## Your goal
Please keep pictures out and return the lines below exactly, from the one holding "餐厅与开放式厨房相呼应,餐座" through the last, both included.

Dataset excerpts
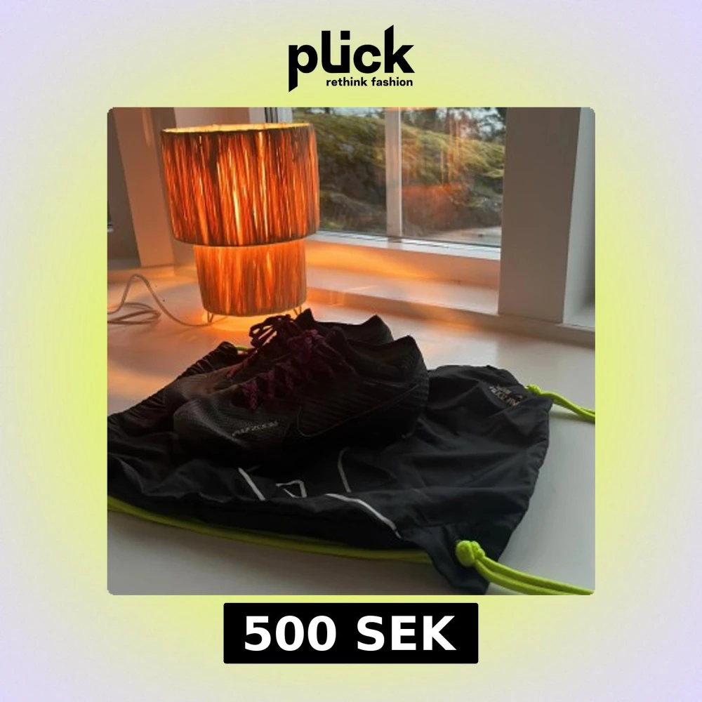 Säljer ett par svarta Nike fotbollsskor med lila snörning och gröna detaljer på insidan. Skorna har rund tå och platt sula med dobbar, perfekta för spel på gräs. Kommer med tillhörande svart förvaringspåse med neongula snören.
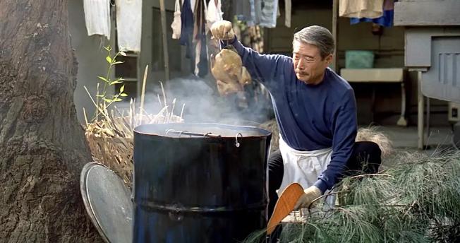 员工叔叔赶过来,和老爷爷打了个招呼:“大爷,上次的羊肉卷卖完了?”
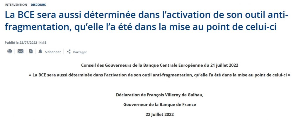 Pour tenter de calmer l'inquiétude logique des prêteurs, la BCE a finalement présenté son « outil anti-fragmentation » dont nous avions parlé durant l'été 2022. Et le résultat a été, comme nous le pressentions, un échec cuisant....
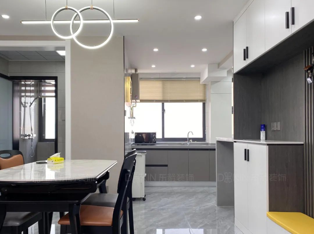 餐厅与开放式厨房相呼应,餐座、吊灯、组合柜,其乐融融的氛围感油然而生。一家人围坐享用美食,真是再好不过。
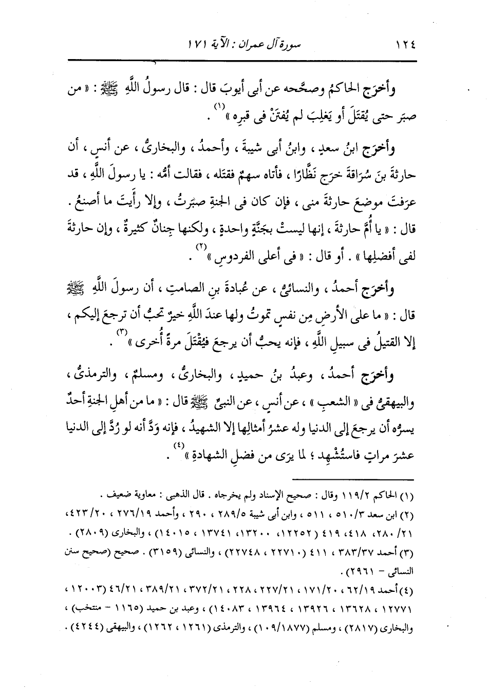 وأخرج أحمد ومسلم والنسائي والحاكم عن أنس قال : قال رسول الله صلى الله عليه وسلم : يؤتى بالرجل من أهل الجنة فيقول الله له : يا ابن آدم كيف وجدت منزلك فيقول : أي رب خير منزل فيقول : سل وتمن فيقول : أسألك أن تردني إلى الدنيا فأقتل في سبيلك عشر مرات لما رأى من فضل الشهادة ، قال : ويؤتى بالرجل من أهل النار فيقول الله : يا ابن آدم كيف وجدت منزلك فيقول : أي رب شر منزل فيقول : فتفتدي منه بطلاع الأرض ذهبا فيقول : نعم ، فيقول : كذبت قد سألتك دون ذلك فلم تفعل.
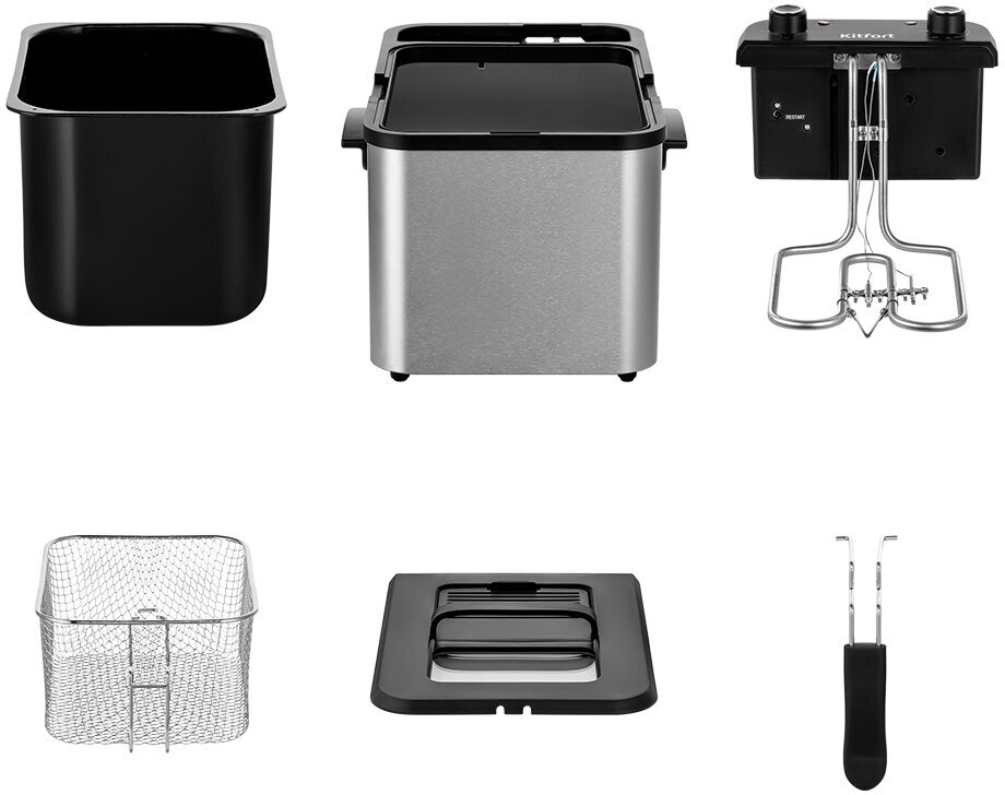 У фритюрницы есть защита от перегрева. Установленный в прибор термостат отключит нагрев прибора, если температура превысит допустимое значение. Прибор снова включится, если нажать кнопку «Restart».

## Response box
 餐厅与开放式厨房相呼应,餐座、吊灯、组合柜,其乐融融的氛围感油然而生。一家人围坐享用美食,真是再好不过。
 وأخرج أحمد ومسلم والنسائي والحاكم عن أنس قال : قال رسول الله صلى الله عليه وسلم : يؤتى بالرجل من أهل الجنة فيقول الله له : يا ابن آدم كيف وجدت منزلك فيقول : أي رب خير منزل فيقول : سل وتمن فيقول : أسألك أن تردني إلى الدنيا فأقتل في سبيلك عشر مرات لما رأى من فضل الشهادة ، قال : ويؤتى بالرجل من أهل النار فيقول الله : يا ابن آدم كيف وجدت منزلك فيقول : أي رب شر منزل فيقول : فتفتدي منه بطلاع الأرض ذهبا فيقول : نعم ، فيقول : كذبت قد سألتك دون ذلك فلم تفعل.
 У фритюрницы есть защита от перегрева. Установленный в прибор термостат отключит нагрев прибора, если температура превысит допустимое значение. Прибор снова включится, если нажать кнопку «Restart».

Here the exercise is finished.